Entertainment

Director David Yates Is the Unsung Hero of the Potterverse

From 'Harry Potter' to 'Fantastic Beasts,' Yates is the true magician behind the camera.

by Sean Hutchinson
Warner Bros.

There is an overabundance of genius at work in the Harry Potter films, but one essential component is someone who often gets overlooked: David Yates, the director of the last four Harry Potter films and this weekend’s Fantastic Beasts and Where to Find Them.

Yates isn’t a flashy filmmaker, which is perhaps why his contributions rarely come up in the many, many conversations about the hugely successful franchise. His pragmatic style can be traced back to when he started out directing British television, capping off his work with the six-part journalism thriller State of Play and then the sobering investigative drama Sex Traffic. His big theatrical debut came late in the Harry Potter game, five films and three directors after the franchise began, and until Yates, the series seemed like a directorial relay with each new face taking up the magical filmmaking baton.

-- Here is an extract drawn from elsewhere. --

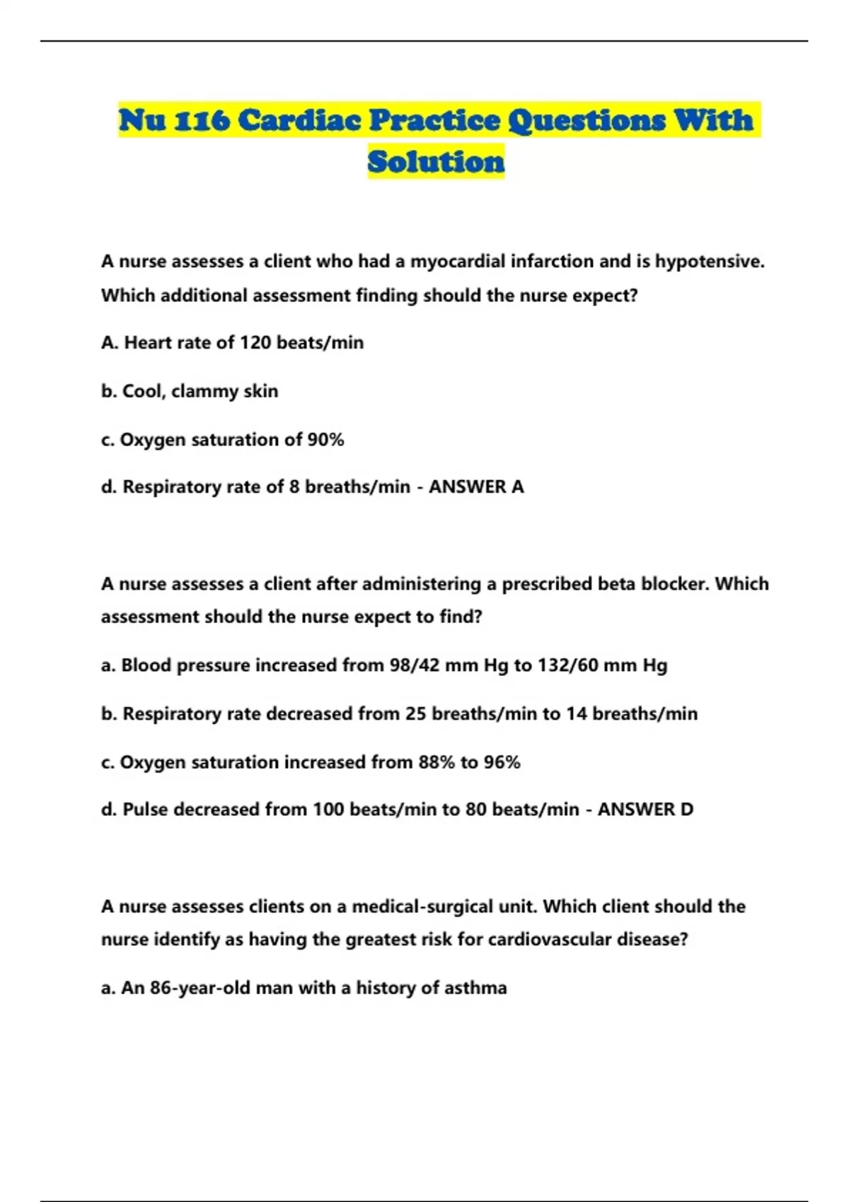 Nu 116 Cardiac Practice Questions With Solution
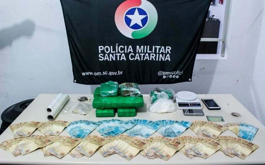 Já em Laguna, o homem foi detido e no interior do veículo foram encontrados 320 gramas de cocaína e cinco quilos de maconha, além de R$ 14.500,00 em dinheiro. A droga dispensada pela janela foi recuperada e apreendida.

The early years were explorative for the series, as we were introduced to the Boy Who Lived and the magical world he inhabited. Hollywood director Chris Columbus was tapped to introduce the world to Hogwarts in the first two films, a safe choice for an important task. Sorcerer’s Stone and Chamber of Secrets were perfectly adequate films and largely safe exercises in fantasy, almost trial runs to allow everyone involved to look around at each other to try and make sure they were doing it right.

As Harry grew, so did the series. Prisoner of Azkaban brought in Alfonso Cuaron, the only real “auteur” of the Potter directors, whose entry usually sits atop best-of-series lists for his macabre aesthetic. It’s like a Tim Burton film without all the overwrought goth trappings. Cuaron gets all the praise partly because everyone loves his later directorial successes like Children of Men, but also because he was a dangerous choice who delivered a sufficiently unique outlier in the franchise. That was the one without Voldemort, mind you.

Goblet of Fire continued that growth but traded Cuaron’s auteurship for new director Mike Newell’s stewardship. The fourth book and movie are known for being the installment in which shit got real, and Voldemort finally becomes a corporeal threat. It’s primarily a thrilling developmental build-up — replete with Triwizard Tournaments and Yule Ball teen angst — there to begin the pace of the three-book and four-movie marathon sprint to the end. After that, Newell was out, and Yates was in.

After his somewhat awkward series introduction in Order of the Phoenix, Yates’s films got stronger as they went on. The dark and brooding Half-Blood Prince for instance, incorporates the Dutch angle experimentation of noir films, especially when we get into the fateful Snape vs. Dumbledore showdown.

The two-part Deathly Hallows also attempts a playfulness that keeps things fresh as Harry deals with Voldemort’s tightening grasp on the world. Harry, Hermione, and Ron’s Horcrux-seeking odyssey in Part 1 would be nothing more than a movie about scared teens camping in the woods if it weren’t for Yates’s ability to focus on the grounded relationship drama driving this installment towards some very pivotal moments in the series.

Book fans cringe at non-canon moments, like when Harry and Hermione let off some anxiety by dancing to a Nick Cave song while on the lam. Yates deserves credit for actually utilizing the medium to visually portray the deep resonance of a seven-year relationship between two friends.

Part 2 is blockbuster fantasy filmmaking writ large with expansive, David Lean-esque moments of wand-waving grandeur. The scene where Voldemort’s army of Death Eaters ascends a hill outside Hogwarts before their nighttime attack is haunting and memorably un-flashy. Sure, Part 2 was really a two-hour magician battle between good and evil, but there’s no denying Yates is as focused on the epic chaos as he is down to the small stuff, especially in the climactic moment where it’s just Harry and Voldemort facing off in the Hogwarts courtyard.

Yates’s tutelage of these pivotal moments ultimately doesn’t falter under the emotional weight of such an epic, decade-long story.

When he was up for the directing gig on Sorcerer’s Stone in 2001, legendary filmmaker Steven Spielberg passed on the project because such a popular adaptation seemed too easy. “It’s just a slam-dunk. It’s just like withdrawing a billion dollars and putting it into your personal bank accounts,” he said at the time. “There’s no challenge in that.” But if Yates’s contributions have proved anything, it’s that there are many challenges left in the Potterverse. His spin-off, Fantastic Beasts and Where to Find Them hits theaters on Friday, and he’s agreed to direct four planned sequels.

If he does all those films, Yates will have been responsible for two decades worth of films for one of the biggest franchises ever created. Fans should be excited for Yates as a unifying figure in the series. It may not look like it, but he’s conjured more onscreen magic than Harry or J.K. Rowling could have ever imagined.